### Exercise
Leaving out all pictures, give again each line exactly, from the start of the listing through the line that contains "Module 5 Anschlussverteiler".

### Data for this task

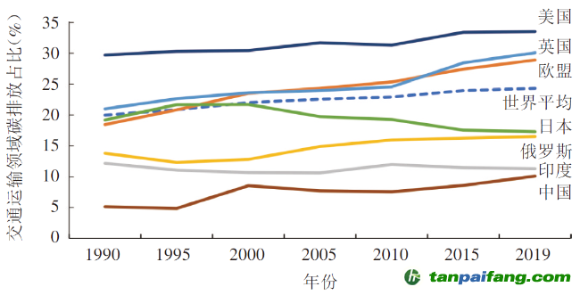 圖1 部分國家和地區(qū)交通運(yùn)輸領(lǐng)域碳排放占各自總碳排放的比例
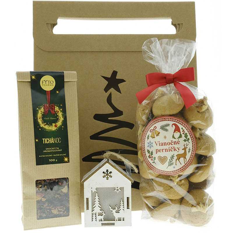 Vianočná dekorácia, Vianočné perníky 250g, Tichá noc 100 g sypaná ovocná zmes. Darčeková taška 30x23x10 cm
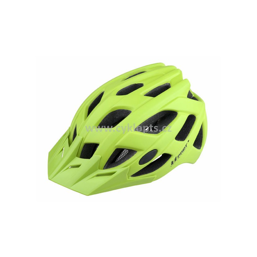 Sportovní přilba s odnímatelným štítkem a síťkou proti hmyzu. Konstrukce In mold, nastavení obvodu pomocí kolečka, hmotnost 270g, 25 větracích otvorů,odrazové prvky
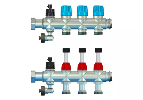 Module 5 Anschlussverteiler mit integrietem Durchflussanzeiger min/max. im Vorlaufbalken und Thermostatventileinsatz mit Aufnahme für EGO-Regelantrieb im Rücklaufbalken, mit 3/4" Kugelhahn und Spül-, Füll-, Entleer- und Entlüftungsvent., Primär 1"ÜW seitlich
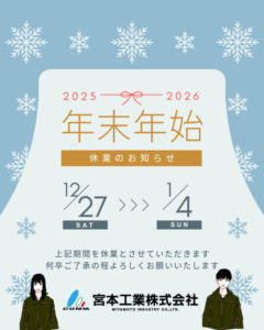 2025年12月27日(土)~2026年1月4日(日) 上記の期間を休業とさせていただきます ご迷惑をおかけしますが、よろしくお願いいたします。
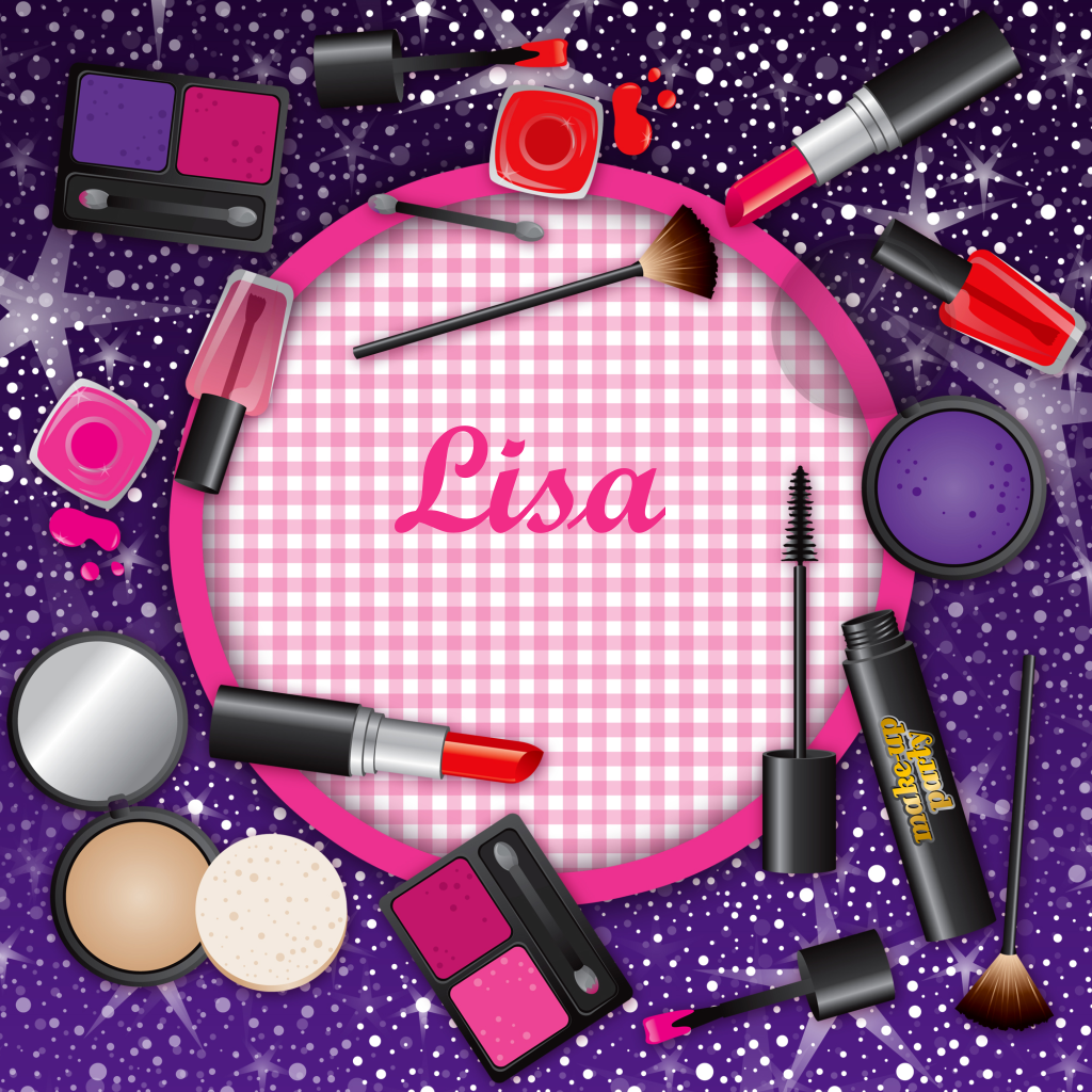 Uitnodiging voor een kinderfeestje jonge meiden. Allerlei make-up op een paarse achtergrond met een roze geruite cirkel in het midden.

### Solution to this task
 圖1 部分國家和地區(qū)交通運(yùn)輸領(lǐng)域碳排放占各自總碳排放的比例
 Vianočná dekorácia, Vianočné perníky 250g, Tichá noc 100 g sypaná ovocná zmes. Darčeková taška 30x23x10 cm
 Sportovní přilba s odnímatelným štítkem a síťkou proti hmyzu. Konstrukce In mold, nastavení obvodu pomocí kolečka, hmotnost 270g, 25 větracích otvorů,odrazové prvky
 Module 5 Anschlussverteiler mit integrietem Durchflussanzeiger min/max. im Vorlaufbalken und Thermostatventileinsatz mit Aufnahme für EGO-Regelantrieb im Rücklaufbalken, mit 3/4" Kugelhahn und Spül-, Füll-, Entleer- und Entlüftungsvent., Primär 1"ÜW seitlich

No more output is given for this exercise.